Data: 2015-10-23 16:00:51
Temat: Re: Instynkty
Od: krys <w...@n...pl>
Pokaż wszystkie nagłówki
FEniks wrote:
> W dniu 2015-10-23 o 11:06, krys pisze:
>> FEniks wrote:
>>
>>>
>>>> Użytkownik "krys" napisał w wiadomości grup
>>>> dyskusyjnych:5628d0e7$0$9574$6...@n...neostrada
.pl...
>>>>
>>>> FEniks wrote:
>>>>
>>>>> W dniu 2015-10-22 o 13:19, krys pisze:
>>>>>> FEniks wrote:
>>>>>>
>>>>>>> W dniu 2015-10-22 o 12:30, krys pisze:
>>>>>>>> FEniks wrote:
>>>>>>>
>>>>>>>>> Tym bardziej. Najbardziej podatki odczuwają i płacą najubożsi.
>>>>>>>>> Bogatych
>>>>>>>>> stać na optymalizację.
>>>>>>>
>>>>>>>> W systemie Korwinowskim bogatych tym bardziej będzie stać na
>>>>>>>> optymalizację. Wszystkiego i pod swoim kątem. Nie ma co się łudzić.
>>>>>>
>>>>>>> Ale po co?
>>>>>
>>>>>> Natura ludzka - pazerność, nienasycenie, żądza władzy (vide to, co
>>>>>> padło o koncernach farmaceutycznych).
>>>>
>>>>> Nie widzę związku.
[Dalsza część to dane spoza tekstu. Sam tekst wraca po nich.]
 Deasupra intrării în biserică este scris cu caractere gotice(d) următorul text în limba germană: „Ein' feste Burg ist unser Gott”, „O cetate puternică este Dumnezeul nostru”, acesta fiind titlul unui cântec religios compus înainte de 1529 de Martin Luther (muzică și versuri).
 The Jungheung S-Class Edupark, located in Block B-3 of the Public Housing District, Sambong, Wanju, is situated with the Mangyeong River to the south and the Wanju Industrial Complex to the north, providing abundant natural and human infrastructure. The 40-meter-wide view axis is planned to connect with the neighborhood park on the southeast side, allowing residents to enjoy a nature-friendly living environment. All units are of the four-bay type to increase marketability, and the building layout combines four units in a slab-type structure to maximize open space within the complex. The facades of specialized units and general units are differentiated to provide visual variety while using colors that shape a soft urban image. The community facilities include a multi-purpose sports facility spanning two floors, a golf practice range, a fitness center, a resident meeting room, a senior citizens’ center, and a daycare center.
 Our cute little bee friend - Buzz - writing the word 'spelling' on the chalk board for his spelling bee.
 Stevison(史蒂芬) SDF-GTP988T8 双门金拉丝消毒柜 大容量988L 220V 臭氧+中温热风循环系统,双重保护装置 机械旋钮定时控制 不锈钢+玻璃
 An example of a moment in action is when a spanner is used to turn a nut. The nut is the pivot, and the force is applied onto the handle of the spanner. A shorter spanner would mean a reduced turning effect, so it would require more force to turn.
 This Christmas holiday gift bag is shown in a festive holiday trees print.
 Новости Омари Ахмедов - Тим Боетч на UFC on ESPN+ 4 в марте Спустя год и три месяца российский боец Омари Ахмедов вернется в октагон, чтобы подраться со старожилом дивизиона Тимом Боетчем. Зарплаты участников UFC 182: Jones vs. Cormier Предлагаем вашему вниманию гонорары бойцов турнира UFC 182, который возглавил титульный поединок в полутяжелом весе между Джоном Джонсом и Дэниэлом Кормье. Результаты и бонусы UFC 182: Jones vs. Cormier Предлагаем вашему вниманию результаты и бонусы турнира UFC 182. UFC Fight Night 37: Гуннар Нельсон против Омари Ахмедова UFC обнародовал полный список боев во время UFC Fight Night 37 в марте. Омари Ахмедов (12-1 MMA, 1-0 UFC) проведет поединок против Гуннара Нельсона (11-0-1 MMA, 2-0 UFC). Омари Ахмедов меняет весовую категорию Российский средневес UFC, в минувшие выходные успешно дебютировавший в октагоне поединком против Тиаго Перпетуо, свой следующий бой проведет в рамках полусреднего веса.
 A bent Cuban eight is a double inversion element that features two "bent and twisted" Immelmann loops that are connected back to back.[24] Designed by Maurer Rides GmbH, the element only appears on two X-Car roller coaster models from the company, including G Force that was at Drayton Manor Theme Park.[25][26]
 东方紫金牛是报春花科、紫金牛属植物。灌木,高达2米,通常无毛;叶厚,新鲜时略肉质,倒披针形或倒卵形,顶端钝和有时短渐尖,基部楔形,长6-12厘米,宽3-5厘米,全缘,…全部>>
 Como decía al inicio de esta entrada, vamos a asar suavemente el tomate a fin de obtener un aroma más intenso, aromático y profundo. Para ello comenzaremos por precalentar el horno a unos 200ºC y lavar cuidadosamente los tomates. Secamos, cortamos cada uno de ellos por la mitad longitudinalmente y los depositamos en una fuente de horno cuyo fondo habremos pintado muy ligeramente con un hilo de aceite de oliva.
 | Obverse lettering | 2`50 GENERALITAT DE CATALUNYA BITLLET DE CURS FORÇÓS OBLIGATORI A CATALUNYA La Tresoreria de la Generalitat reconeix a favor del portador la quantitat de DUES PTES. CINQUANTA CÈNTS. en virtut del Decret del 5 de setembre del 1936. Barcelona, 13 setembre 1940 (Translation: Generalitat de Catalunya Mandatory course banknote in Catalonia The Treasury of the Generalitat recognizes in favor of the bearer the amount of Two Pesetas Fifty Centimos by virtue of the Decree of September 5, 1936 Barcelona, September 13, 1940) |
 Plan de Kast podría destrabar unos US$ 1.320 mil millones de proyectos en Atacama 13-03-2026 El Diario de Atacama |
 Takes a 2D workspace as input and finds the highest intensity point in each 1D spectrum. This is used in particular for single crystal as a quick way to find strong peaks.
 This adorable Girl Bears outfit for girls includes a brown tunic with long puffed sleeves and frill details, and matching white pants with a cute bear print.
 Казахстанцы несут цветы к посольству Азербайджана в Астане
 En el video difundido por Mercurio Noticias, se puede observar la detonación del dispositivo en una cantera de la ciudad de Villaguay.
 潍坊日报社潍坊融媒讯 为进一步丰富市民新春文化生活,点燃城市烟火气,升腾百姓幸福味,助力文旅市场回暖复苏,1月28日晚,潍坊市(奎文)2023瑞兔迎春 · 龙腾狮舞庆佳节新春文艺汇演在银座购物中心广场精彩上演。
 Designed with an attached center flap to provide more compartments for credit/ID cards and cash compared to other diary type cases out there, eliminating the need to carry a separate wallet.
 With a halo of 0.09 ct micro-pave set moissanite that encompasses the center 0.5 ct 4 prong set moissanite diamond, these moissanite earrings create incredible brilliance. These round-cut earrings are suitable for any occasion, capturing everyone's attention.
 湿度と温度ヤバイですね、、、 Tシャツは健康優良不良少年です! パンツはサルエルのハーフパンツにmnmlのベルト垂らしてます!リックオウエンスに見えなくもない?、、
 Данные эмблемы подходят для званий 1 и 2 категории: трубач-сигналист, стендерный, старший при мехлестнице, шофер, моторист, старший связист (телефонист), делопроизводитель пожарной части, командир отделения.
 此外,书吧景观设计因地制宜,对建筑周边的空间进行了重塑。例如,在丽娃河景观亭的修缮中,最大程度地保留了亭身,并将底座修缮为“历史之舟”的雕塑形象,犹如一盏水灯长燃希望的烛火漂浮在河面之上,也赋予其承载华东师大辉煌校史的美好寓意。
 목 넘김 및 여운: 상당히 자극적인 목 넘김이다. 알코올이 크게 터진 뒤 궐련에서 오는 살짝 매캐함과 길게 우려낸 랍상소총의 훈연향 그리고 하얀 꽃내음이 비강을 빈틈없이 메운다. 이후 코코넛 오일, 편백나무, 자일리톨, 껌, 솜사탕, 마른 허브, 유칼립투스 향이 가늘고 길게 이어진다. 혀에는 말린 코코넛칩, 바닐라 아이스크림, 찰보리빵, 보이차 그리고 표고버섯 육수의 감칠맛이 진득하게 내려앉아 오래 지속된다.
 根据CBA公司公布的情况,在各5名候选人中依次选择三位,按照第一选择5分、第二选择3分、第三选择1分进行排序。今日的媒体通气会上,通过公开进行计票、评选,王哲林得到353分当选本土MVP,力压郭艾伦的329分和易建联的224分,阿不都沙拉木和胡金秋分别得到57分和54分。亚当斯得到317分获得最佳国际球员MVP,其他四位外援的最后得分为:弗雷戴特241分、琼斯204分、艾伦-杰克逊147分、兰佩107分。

Optymalizacja minimalnych podatków się zwyczajnie
>>>>> nie opłaca, a przed VAT nikt nie ucieknie.
>>>
>>> Mylisz optymalizację z maksymalizacją. Ja pisałam o tym pierwszym. I to
>>> niekoniecznie (nie tylko) w odniesieniu do podatków.
>>
>> Nic nie mylę. Skoro twierdzisz, jak będzie w systemie korwinowskim, to
>> najpierw dowiedz się, co Korwin mówi o podatkach, bo o tym rozmawiamy.
>
> Może nie jestem na bieżąco - coś się zmieniło w tej kwestii, żeby
> podatek dochodowy zlikwidować i płacić tylko vat?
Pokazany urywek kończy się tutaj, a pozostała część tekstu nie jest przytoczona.